====== DATA SHOWN ======

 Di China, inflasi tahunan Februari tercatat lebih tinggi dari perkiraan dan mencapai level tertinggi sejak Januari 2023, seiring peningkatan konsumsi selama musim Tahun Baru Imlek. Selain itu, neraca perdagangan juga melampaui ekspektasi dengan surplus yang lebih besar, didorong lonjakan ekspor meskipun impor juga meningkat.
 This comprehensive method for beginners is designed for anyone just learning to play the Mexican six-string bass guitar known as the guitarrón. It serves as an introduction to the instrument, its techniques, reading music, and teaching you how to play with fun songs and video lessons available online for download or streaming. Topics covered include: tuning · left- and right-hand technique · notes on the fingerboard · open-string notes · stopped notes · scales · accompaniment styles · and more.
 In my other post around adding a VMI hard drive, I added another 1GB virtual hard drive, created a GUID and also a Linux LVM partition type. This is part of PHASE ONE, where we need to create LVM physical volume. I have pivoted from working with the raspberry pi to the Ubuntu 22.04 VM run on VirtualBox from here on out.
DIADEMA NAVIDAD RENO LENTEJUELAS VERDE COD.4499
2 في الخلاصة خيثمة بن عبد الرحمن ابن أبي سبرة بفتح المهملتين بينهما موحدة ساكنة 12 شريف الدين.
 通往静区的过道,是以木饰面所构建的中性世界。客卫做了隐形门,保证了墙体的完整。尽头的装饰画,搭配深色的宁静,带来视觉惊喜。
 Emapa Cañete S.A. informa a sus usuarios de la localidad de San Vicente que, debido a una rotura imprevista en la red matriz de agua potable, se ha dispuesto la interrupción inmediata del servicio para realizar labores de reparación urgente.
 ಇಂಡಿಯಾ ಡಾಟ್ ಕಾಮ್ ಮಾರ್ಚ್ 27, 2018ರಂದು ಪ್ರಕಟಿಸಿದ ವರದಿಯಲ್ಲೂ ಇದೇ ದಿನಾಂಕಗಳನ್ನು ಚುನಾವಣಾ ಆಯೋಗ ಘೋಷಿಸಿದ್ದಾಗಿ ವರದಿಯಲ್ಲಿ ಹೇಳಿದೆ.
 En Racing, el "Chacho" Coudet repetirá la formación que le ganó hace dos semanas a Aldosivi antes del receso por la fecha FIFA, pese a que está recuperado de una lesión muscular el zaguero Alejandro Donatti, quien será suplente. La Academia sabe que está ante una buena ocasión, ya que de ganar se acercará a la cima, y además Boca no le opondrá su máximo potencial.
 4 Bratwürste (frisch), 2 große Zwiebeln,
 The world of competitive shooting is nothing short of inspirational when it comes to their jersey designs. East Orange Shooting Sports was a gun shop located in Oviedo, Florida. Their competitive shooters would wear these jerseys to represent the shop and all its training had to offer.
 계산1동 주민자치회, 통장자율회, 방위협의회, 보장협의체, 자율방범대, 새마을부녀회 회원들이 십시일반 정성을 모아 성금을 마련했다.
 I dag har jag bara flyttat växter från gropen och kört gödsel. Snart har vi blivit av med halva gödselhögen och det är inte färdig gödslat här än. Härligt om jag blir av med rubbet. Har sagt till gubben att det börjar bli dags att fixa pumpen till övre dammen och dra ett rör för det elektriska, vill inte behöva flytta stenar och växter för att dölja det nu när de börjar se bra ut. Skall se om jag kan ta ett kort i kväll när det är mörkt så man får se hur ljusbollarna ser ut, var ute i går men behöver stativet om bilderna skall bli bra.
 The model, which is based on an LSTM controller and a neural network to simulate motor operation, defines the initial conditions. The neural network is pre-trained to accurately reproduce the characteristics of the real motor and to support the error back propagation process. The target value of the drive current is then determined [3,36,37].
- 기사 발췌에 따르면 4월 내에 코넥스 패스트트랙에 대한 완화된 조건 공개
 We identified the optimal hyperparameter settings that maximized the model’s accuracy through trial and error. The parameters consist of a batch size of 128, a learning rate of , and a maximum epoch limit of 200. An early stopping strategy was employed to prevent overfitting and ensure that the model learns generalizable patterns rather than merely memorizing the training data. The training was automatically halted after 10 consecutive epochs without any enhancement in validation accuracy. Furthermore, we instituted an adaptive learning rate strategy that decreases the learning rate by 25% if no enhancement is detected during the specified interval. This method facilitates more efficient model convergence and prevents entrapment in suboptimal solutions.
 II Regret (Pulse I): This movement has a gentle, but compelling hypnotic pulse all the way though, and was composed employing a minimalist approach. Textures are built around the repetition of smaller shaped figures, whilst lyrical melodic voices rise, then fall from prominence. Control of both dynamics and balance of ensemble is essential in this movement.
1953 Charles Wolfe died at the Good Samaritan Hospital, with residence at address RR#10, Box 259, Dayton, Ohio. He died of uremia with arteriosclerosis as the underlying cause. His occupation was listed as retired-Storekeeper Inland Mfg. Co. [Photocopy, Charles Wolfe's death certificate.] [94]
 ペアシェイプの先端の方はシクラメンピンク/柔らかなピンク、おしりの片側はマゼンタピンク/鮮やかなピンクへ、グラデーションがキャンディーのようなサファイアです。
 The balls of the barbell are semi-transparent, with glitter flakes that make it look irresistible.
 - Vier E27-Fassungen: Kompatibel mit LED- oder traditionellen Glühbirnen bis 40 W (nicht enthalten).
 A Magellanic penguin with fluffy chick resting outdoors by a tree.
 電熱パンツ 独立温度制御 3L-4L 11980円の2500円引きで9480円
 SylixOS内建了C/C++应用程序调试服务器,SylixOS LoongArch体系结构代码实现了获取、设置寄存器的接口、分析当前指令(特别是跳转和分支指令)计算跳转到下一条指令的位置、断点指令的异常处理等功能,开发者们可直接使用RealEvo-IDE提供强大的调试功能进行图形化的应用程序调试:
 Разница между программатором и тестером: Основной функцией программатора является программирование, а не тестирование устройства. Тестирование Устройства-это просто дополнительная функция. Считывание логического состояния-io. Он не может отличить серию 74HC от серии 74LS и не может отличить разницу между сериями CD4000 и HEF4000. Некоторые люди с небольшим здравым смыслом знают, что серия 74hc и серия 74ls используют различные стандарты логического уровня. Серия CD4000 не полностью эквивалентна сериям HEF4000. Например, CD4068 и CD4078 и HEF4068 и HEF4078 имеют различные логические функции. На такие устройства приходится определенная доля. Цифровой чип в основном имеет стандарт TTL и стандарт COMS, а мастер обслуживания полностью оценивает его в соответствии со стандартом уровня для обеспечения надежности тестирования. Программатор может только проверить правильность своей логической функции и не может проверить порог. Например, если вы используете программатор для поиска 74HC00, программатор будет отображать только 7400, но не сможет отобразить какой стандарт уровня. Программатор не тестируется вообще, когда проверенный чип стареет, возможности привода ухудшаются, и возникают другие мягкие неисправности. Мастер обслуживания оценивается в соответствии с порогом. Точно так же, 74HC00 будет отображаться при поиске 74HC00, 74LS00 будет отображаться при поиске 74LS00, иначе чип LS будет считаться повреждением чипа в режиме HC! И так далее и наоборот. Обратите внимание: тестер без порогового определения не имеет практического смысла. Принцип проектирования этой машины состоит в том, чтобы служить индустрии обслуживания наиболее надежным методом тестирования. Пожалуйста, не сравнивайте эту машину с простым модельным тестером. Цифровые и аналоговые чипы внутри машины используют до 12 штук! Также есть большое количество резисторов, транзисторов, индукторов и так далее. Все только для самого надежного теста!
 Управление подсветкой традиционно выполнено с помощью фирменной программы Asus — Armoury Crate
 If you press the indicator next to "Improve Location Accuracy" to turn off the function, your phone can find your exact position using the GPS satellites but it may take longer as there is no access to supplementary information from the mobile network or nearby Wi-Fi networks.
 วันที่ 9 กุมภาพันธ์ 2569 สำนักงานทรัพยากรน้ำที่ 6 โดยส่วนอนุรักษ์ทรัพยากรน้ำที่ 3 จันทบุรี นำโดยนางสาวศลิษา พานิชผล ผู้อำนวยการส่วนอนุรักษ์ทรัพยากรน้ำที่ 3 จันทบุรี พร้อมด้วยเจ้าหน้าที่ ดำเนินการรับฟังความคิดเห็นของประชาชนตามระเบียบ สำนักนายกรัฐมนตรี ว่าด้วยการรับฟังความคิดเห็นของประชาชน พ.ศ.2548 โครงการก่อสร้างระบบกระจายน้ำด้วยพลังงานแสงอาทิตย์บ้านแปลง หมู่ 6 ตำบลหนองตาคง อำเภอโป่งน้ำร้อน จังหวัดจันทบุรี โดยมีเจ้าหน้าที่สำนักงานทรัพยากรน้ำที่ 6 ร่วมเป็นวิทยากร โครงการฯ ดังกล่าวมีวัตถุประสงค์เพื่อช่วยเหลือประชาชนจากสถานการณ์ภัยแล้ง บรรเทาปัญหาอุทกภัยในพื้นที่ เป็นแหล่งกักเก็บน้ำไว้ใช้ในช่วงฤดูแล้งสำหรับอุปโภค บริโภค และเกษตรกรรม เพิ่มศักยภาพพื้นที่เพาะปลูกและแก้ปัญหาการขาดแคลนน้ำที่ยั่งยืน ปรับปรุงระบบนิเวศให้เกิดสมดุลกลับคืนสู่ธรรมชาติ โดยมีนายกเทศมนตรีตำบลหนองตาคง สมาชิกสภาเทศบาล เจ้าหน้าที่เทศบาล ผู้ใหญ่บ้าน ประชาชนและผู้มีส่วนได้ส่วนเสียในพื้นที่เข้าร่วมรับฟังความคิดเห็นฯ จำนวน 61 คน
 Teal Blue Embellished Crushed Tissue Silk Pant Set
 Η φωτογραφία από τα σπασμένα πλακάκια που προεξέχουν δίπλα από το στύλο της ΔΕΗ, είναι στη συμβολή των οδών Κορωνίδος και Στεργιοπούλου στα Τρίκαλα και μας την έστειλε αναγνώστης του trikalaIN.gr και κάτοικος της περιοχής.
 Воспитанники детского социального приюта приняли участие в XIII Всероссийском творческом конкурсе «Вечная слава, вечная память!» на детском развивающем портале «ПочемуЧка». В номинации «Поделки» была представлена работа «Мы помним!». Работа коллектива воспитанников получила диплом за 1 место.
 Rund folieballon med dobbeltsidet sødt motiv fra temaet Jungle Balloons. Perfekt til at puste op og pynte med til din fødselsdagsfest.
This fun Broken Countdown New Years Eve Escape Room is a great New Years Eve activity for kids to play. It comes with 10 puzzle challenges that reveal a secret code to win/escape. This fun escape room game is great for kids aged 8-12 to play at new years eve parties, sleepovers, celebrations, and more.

======

INSTRUCTIONS FOR THE TASK: Out of the preceding entries, pull each line that contains the word "method".

YOUR SOLUTION:
 This comprehensive method for beginners is designed for anyone just learning to play the Mexican six-string bass guitar known as the guitarrón. It serves as an introduction to the instrument, its techniques, reading music, and teaching you how to play with fun songs and video lessons available online for download or streaming. Topics covered include: tuning · left- and right-hand technique · notes on the fingerboard · open-string notes · stopped notes · scales · accompaniment styles · and more.
 We identified the optimal hyperparameter settings that maximized the model’s accuracy through trial and error. The parameters consist of a batch size of 128, a learning rate of , and a maximum epoch limit of 200. An early stopping strategy was employed to prevent overfitting and ensure that the model learns generalizable patterns rather than merely memorizing the training data. The training was automatically halted after 10 consecutive epochs without any enhancement in validation accuracy. Furthermore, we instituted an adaptive learning rate strategy that decreases the learning rate by 25% if no enhancement is detected during the specified interval. This method facilitates more efficient model convergence and prevents entrapment in suboptimal solutions.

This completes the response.